Gli infortuni al legamento crociato anteriore (LCA) sono un problema di salute molto serio per il calciatore e la calciatrice e negli ultimi anni si è assistito a un incremento di questi infortuni (1). È stato dimostrato che fino al 50% del totale degli infortuni al LCA che avvengono nel maschio e nella femmina siano prevenibili (2).

 

Il primo passo nella prevenzione di un infortunio consiste nella comprensione del meccanismo con cui questo infortunio avviene, pertanto il Gruppo Medico Isokinetic ha condotto uno studio scientifico con questo obiettivo: descrivere i meccanismi di infortunio nei calciatori professionisti di Serie A e Serie B nel corso di 10 stagioni sportive.

 

Sono stati studiati oltre 134 infortuni al LCA avvenuti tra la stagione 2008/2009 e la stagione 2018/2019, descrivendo come, dove e quando questi siano avvenuti.
È stata recentemente pubblicata sul British Journal of Sports Medicine un’infografica che riassume i risultati dello studio (Fig.1).

Fig.1 Analisi video sistematica degli infortuni al LCA nel calcio professionistico maschile (infografica)

 

A proposito del meccanismo di infortunio, lo studio ha mostrato che l’88% degli infortuni al LCA nel calciatore – quasi 9 su 10 – avviene senza un contatto diretto al ginocchio, quindi è potenzialmente prevenibile. Solo il 12% degli infortuni dipende da un contatto diretto avvenuto a livello del ginocchio.

 

Negli infortuni da contatto indiretto è stato rilevato un ruolo decisivo delle perturbazioni meccaniche (Fig. 2): spinte, contrasti di gioco indirizzati soprattutto al tronco del giocatore che ne hanno portato all’infortunio.
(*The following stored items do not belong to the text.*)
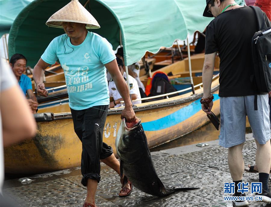7月27日,在西昌邛海,一名漁民捕得一條大魚(yú)。新華社記者江宏景攝
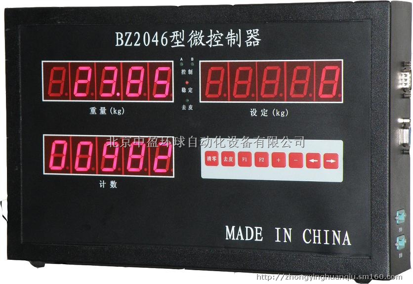 BZ2046称重显示控制器接受传感器输出的模拟信号(本公司供应全系列称重传感器),经内部采集处理后,计算并显示出秤体上物料的重量值。对秤体上物料的重量值与设定值的进行比较,如果重量值达到了设定值,控制器就输出控制信号给执行设备(如进行停止给料、掉袋等动作),本仪表可输出2路开关量输出。
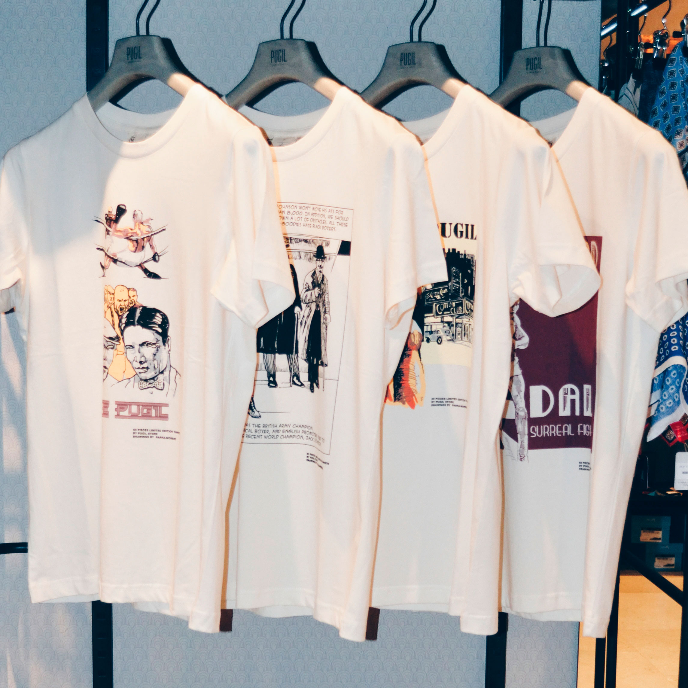 De charlas sobre boxeo y un compartir de ideas fueron surgiendo los cuatro bocetos que hoy forman la colección de edición limitada que ilustran nuestras camisetas.
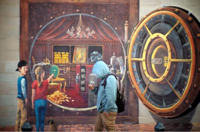 2021年2月18日,在美国加利福尼亚州北部小城圣马特奥,一名边走边看手机的行人从一家店铺外墙上绘制的“宝库”壁画前经过。新华社记者吴晓凌摄

Fig. 2 Esempio di infortunio da contatto indiretto da perturbazione meccanica

 

Negli infortuni da non contatto è stato rilevato un ruolo decisivo delle perturbazioni neurocognitive (Fig. 3), ovvero una “distrazione cognitiva” determinata ad esempio da una finta di gioco dell’avversario, con conseguente assunzione di una posizione a rischio da parte del giocatore poi infortunato.

Fig. 3 Esempio di infortunio da non contatto con perturbazione neurocognitiva

 

A proposito delle situazioni di gioco nelle quali avviene l’infortunio al LCA, lo studio ha mostrato che 2 infortuni su 3 (68%) avvengono in situazione difensiva. Quattro situazioni principali sono state identificate:

– Pressing con contrasto
– Contrasto ricevuto
– Recupero dell’equilibrio dopo il calcio
– Atterraggio dopo un salto

Ecco un esempio di infortuni avvenuti in situazioni difensive di pressing/contrasto:

 

Di seguito gli esempi di infortuni avvenuti dopo un contrasto ricevuto:

 

Dal punto di vista della prevenzione, è molto importante sapere che il più frequente meccanismo di infortunio è il ginocchio valgo dinamico, il ginocchio che ruota e “cede” verso l’interno (Fig. 4). Esistono strategie di esercizio ed allenamento utili per ridurre in modo significativo il rischio di infortunio con questo meccanismo.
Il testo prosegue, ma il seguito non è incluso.